Anita (Mutti) was a force to reckon with, a formidable lady with a strong personality she could crush a person twice her size in an argument. She had a robust Christian faith and power of positive thinking, and she could manifest almost anything that she wanted or needed. However, she could often offend in truth and would not beat around the bush when she had something to say.
She met her husband Herbert at just nineteen and soon fell pregnant, marrying just three months before her baby daughter, Inge (the authors’ mother-in-Law), was born.
Anita found creative ways of making money even in her twenties, and indeed throughout her life, she proved to be a true entrepreneur. Following the death of Herbert in Italy, during the second world war, Anita and her family needed to make their escape from East Prussia as the Russians advanced.
She married Sepp Hospodarz at the end of the war, and they lived in Isernhagen.
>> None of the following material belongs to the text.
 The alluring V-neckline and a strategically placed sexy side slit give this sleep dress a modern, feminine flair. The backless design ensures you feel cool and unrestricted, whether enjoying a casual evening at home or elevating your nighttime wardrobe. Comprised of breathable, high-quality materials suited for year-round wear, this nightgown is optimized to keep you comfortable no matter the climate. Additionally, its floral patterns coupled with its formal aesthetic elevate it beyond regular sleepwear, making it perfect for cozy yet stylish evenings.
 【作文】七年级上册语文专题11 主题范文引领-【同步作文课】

However, it was never really a love match, and eventually, they divorced. Anita then met Heinz Engel, who looked after her very attentively for the rest of her life.
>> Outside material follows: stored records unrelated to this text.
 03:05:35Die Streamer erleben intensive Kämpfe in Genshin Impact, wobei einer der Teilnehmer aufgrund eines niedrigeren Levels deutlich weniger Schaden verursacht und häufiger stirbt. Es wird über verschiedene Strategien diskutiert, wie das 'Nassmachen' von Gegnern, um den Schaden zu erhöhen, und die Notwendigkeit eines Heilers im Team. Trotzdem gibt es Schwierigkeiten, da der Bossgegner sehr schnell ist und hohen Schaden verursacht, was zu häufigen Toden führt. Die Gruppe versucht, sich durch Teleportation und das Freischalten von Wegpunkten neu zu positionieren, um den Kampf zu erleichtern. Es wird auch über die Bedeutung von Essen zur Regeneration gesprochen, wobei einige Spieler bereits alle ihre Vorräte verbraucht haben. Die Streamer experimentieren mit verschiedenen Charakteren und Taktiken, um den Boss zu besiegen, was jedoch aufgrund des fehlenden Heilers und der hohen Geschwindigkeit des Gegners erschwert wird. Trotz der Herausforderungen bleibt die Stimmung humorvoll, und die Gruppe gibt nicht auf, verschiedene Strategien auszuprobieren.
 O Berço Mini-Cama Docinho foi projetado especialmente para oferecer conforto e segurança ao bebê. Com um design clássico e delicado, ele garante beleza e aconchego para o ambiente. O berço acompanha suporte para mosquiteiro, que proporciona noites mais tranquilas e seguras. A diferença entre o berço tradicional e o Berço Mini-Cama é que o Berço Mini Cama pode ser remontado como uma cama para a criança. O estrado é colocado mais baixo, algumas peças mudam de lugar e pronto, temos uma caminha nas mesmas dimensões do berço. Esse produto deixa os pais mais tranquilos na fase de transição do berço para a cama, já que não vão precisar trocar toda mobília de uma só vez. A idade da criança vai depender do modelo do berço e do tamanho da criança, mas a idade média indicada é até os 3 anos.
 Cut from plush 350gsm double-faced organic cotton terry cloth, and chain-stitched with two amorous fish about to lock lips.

Anita held a great capacity to forgive and move on in her life, and whilst she spoke about what happened to them in their escape from East Prussia, it wasn’t something that controlled her thoughts. Anita held the respect of those who knew her, and many would go to her house and just sit and listen to her, taking advice from her, and her opinion mattered to them all.
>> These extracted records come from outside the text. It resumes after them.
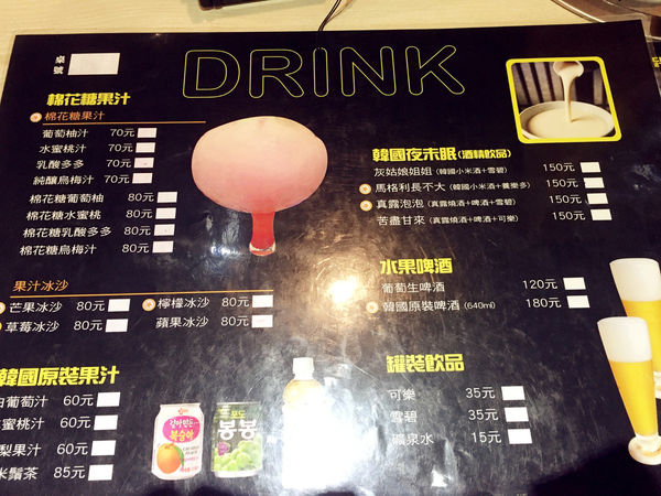 ♡飲品類的部份也很多樣化,有果汁也有酒品類,當然還有最可愛的棉花糖果汁飲系列
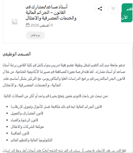 تمثل هذه الفرصة خيارًا مميزًا للباحثين الطامحين إلى الانضمام لبيئة تعليمية رائدة تسعى للتميز في التدريس والبحث العلمي، خاصة في مجالات قانون الجرائم المالية والخدمات المصرفية والامتثال.
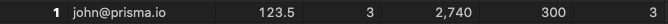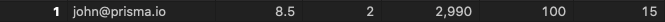 VALUES ('john@prisma.io', 1.5, 31, 3000, 20, 30);
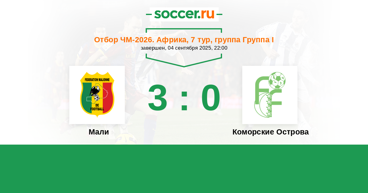 Протокол матча Мали против Коморские Острова

For the last year of her life, she was bed-bound and non-communicative, even though the Doctors struggled to diagnose a medical condition that left her in this state. All the family visited her, and Inge went to Germany often. Anita died in the January of her 90th year.
Anita’s daughter Inge carried this story all her life long, it coloured her life, and she made her family promise that they would not forget what happened to them and, in particular, the lost souls on board the Wilhelm Gustloff.
Beverly asked her sons to record an interview with their grandmother. After she died in 2015, all the records and memorabilia went to her son Dennis and Beverly, and they started to document some of the information they found.
Three years later, when on holiday in Portugal, Beverly’s friend Pauline suggested that Beverly should stop just talking about writing a book about the events of January 1945 and get on and start writing. That was the catalyst that was needed, and the book started that day on 3rd July 2018.